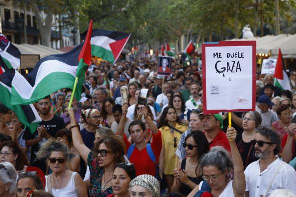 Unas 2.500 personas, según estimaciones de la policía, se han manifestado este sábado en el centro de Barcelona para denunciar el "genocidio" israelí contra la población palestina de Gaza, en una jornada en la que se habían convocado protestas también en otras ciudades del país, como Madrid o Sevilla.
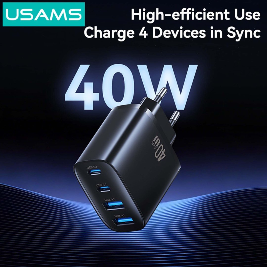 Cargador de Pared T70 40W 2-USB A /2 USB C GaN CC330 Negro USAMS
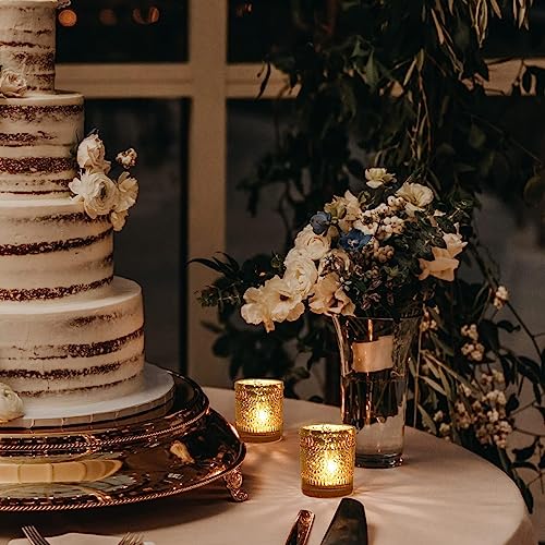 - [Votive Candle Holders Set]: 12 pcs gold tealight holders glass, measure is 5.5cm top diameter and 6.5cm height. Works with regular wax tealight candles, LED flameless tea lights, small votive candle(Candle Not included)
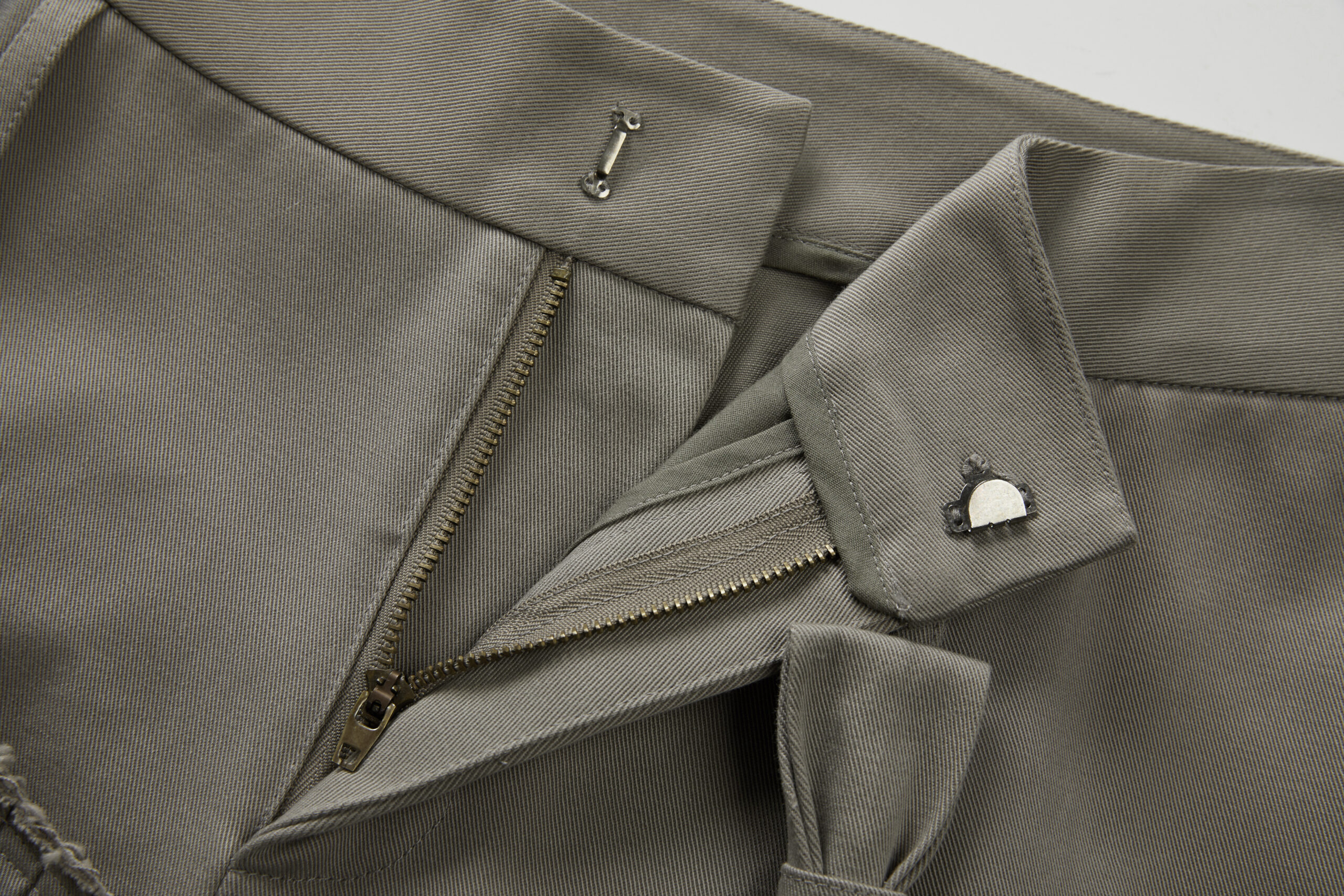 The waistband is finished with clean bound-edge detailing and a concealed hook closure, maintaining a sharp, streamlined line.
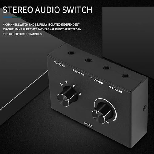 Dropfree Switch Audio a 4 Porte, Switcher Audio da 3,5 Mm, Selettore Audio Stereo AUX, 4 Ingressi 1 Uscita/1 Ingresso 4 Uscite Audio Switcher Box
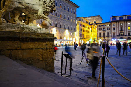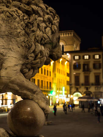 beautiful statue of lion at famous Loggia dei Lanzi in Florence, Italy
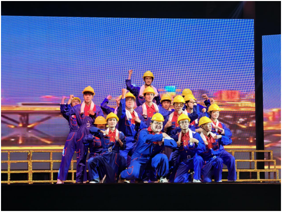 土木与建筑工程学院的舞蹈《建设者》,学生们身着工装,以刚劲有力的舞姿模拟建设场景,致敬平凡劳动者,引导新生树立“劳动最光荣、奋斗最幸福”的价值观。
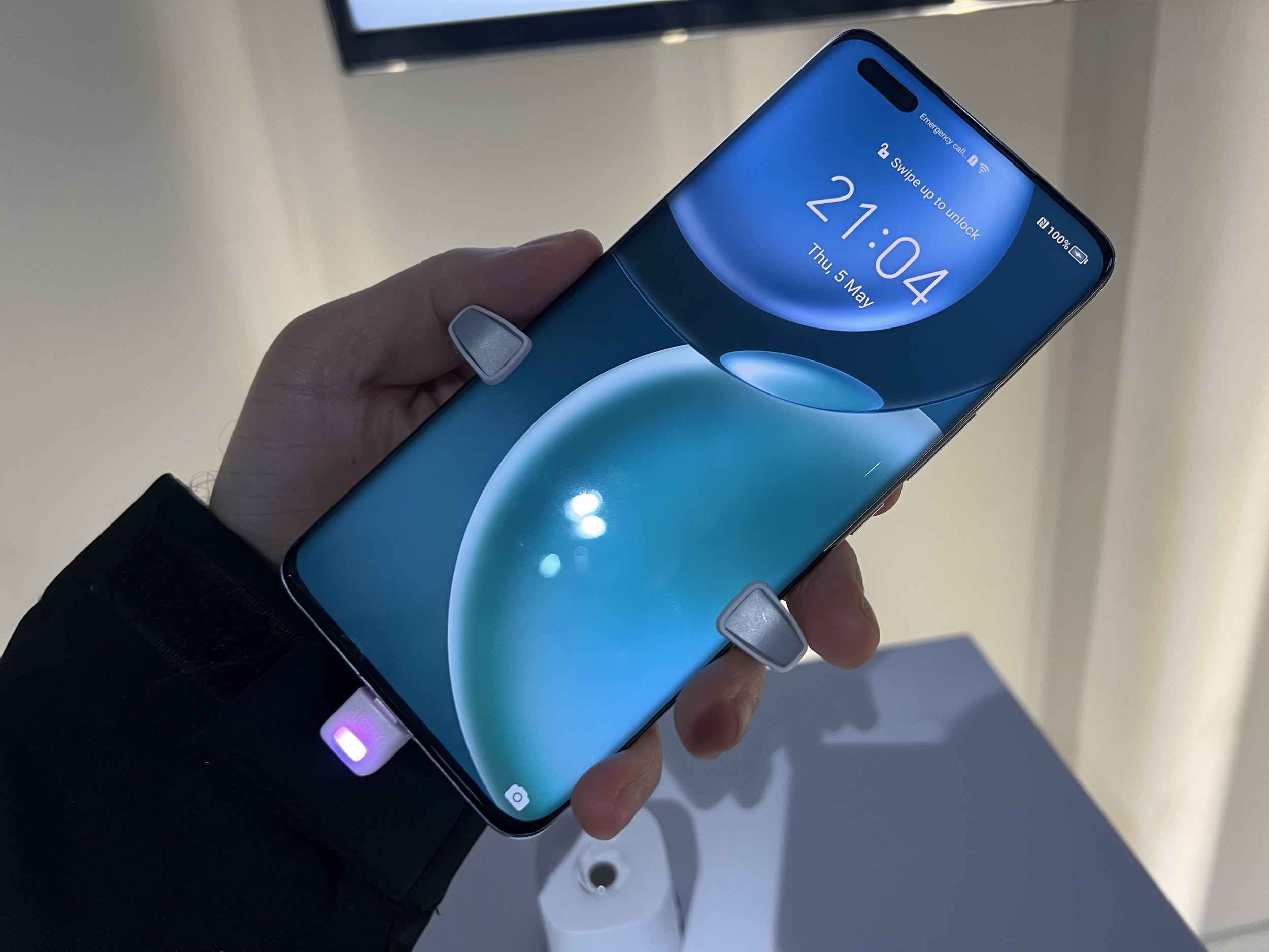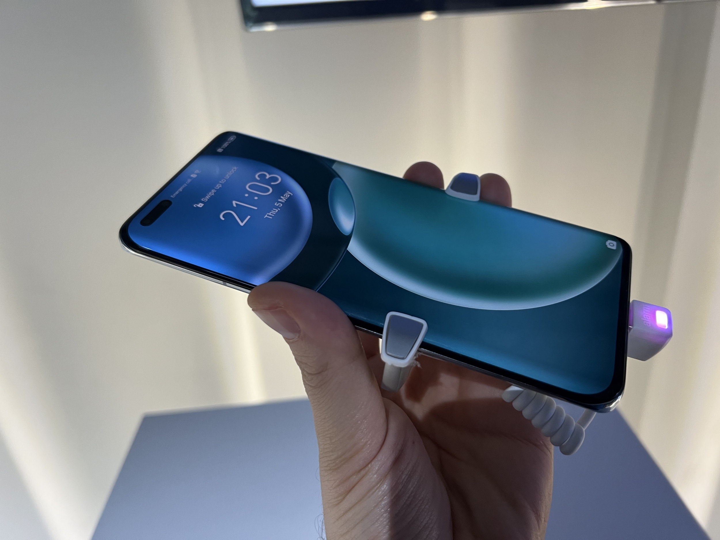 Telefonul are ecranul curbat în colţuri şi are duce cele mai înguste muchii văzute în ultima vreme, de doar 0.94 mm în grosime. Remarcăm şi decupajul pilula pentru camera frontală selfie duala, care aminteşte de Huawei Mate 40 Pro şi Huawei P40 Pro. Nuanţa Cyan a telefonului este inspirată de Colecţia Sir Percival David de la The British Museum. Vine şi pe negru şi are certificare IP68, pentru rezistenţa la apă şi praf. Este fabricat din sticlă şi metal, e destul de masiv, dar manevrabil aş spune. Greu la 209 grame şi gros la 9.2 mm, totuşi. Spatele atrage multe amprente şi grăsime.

_____

- [Work to be completed] Exclude all images and retype the data precisely.

- [Result of the exercise]
 Unas 2.500 personas, según estimaciones de la policía, se han manifestado este sábado en el centro de Barcelona para denunciar el "genocidio" israelí contra la población palestina de Gaza, en una jornada en la que se habían convocado protestas también en otras ciudades del país, como Madrid o Sevilla.
 Cargador de Pared T70 40W 2-USB A /2 USB C GaN CC330 Negro USAMS
 - [Votive Candle Holders Set]: 12 pcs gold tealight holders glass, measure is 5.5cm top diameter and 6.5cm height. Works with regular wax tealight candles, LED flameless tea lights, small votive candle(Candle Not included)
 The waistband is finished with clean bound-edge detailing and a concealed hook closure, maintaining a sharp, streamlined line.
 Dropfree Switch Audio a 4 Porte, Switcher Audio da 3,5 Mm, Selettore Audio Stereo AUX, 4 Ingressi 1 Uscita/1 Ingresso 4 Uscite Audio Switcher Box
 beautiful statue of lion at famous Loggia dei Lanzi in Florence, Italy
 土木与建筑工程学院的舞蹈《建设者》,学生们身着工装,以刚劲有力的舞姿模拟建设场景,致敬平凡劳动者,引导新生树立“劳动最光荣、奋斗最幸福”的价值观。
 Telefonul are ecranul curbat în colţuri şi are duce cele mai înguste muchii văzute în ultima vreme, de doar 0.94 mm în grosime. Remarcăm şi decupajul pilula pentru camera frontală selfie duala, care aminteşte de Huawei Mate 40 Pro şi Huawei P40 Pro. Nuanţa Cyan a telefonului este inspirată de Colecţia Sir Percival David de la The British Museum. Vine şi pe negru şi are certificare IP68, pentru rezistenţa la apă şi praf. Este fabricat din sticlă şi metal, e destul de masiv, dar manevrabil aş spune. Greu la 209 grame şi gros la 9.2 mm, totuşi. Spatele atrage multe amprente şi grăsime.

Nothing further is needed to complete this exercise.